The South African Competition Tribunal has conditionally approved the proposed acquisition of MultiChoice Group Limited by French media giant Canal+, subject to an extensive package of public interest and competition-related commitments.
The decision allows Canal+ to acquire up to 100% of MultiChoice’s shares it does not already own—having previously built a stake of just over 45%. The Tribunal’s approval comes after a fast-tracked hearing in mid-July, where stakeholders including the Competition Commission, Department of Trade, Industry and Competition, Media Monitoring Africa, and Pambili Media raised concerns related to media diversity, ownership, and fair access.
Key Conditions Imposed
- No job losses in South Africa for at least three years as a result of the merger.
- LicenceCo, which holds MultiChoice’s broadcasting licence, will be carved out and remain locally owned, with majority shareholding going to Historically Disadvantaged Persons (HDPs) and workers through enhanced ownership by Phuthuma Nathi, new HDP shareholders, and an employee trust.
- Canal+ will not control LicenceCo, in compliance with broadcasting laws that restrict foreign control.
- Local content investment, HDP procurement, and support for small businesses will be ramped up, with confidential spending targets agreed.

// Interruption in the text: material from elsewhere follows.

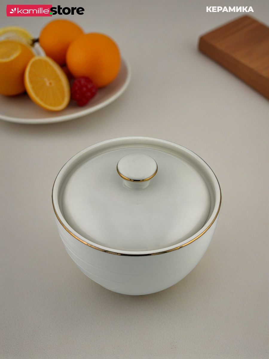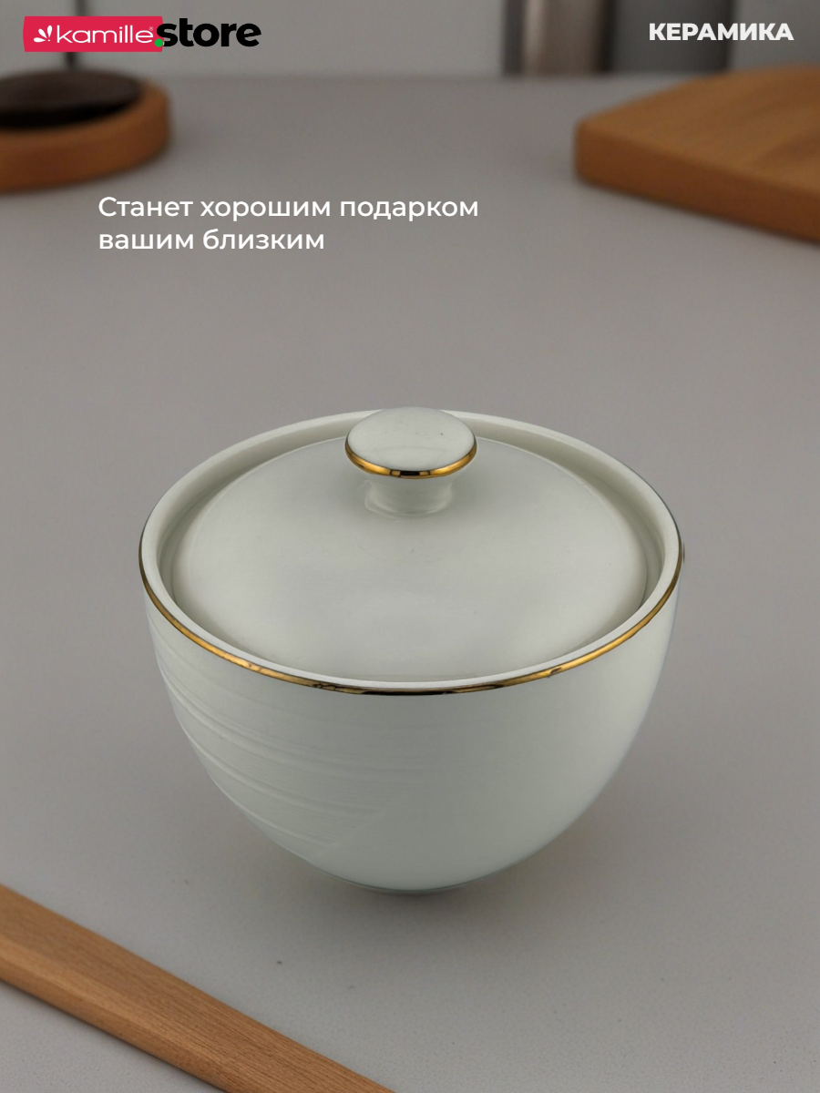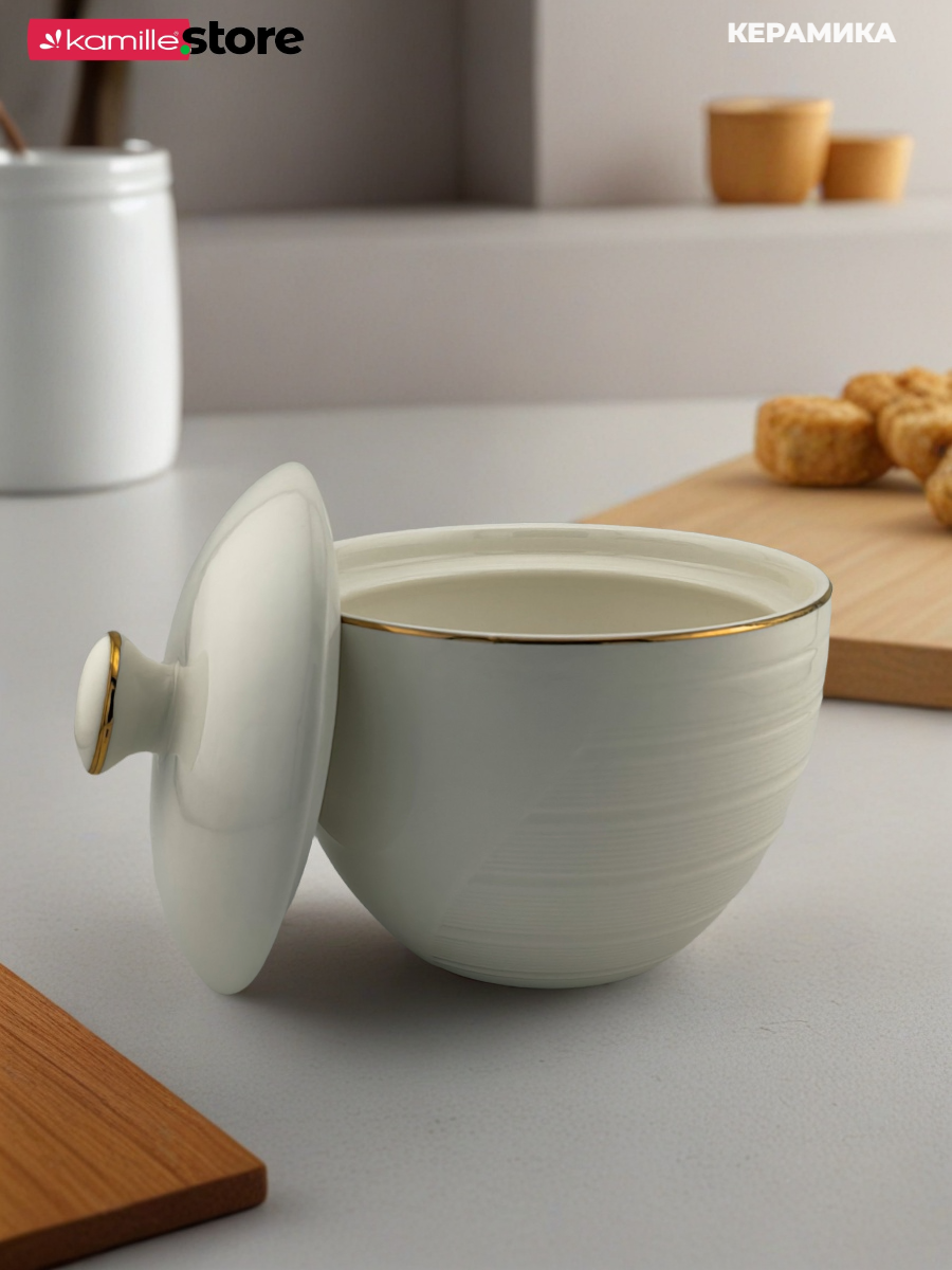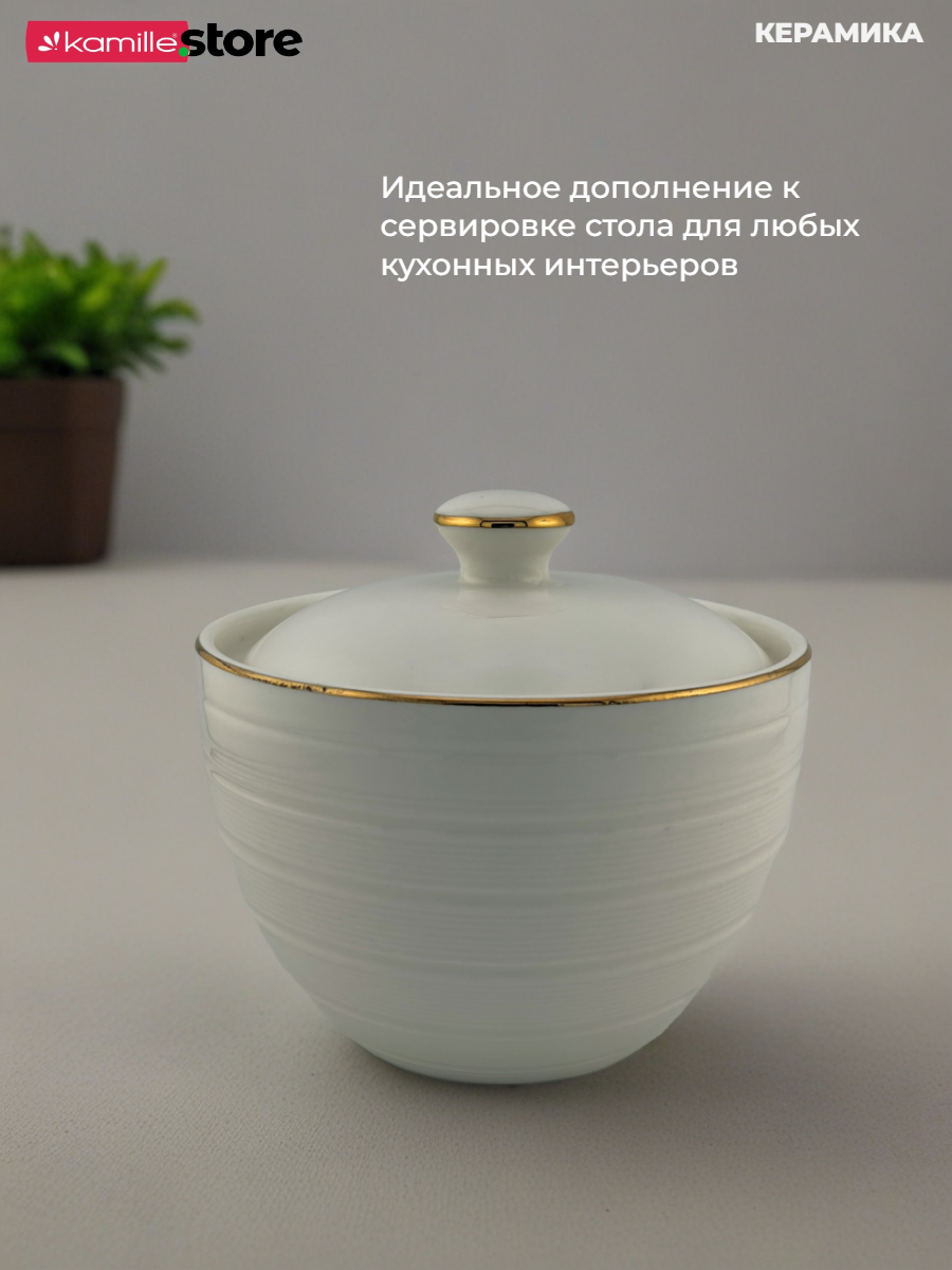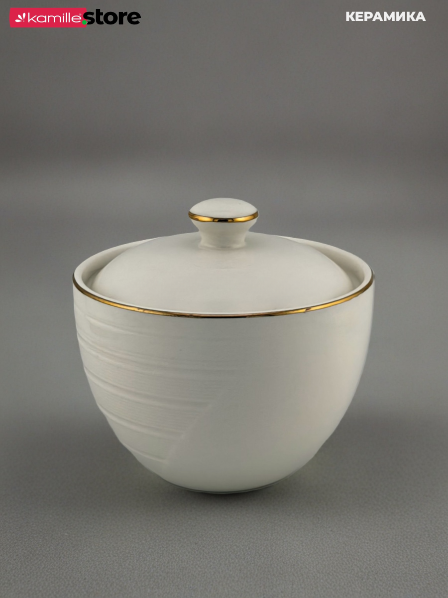 Сахарница керамическая 420 мл. с золотой обводкой

- Corporate social initiatives like the DStv Diski Challenge and MultiChoice Talent Factory will receive additional funding.
- Support for South African content export and training under the Canal+ University Programme.
- Free-to-air rights to international sporting events involving South African teams must be offered to national broadcasters on fair terms.
- SABC News channel will continue to be carried by DStv for another five years on no less favourable terms.
While the Competition Commission supported the merger, the Tribunal enhanced several conditions to strengthen enforceability and monitoring.
The full set of conditions is binding, with implementation subject to oversight by the Commission.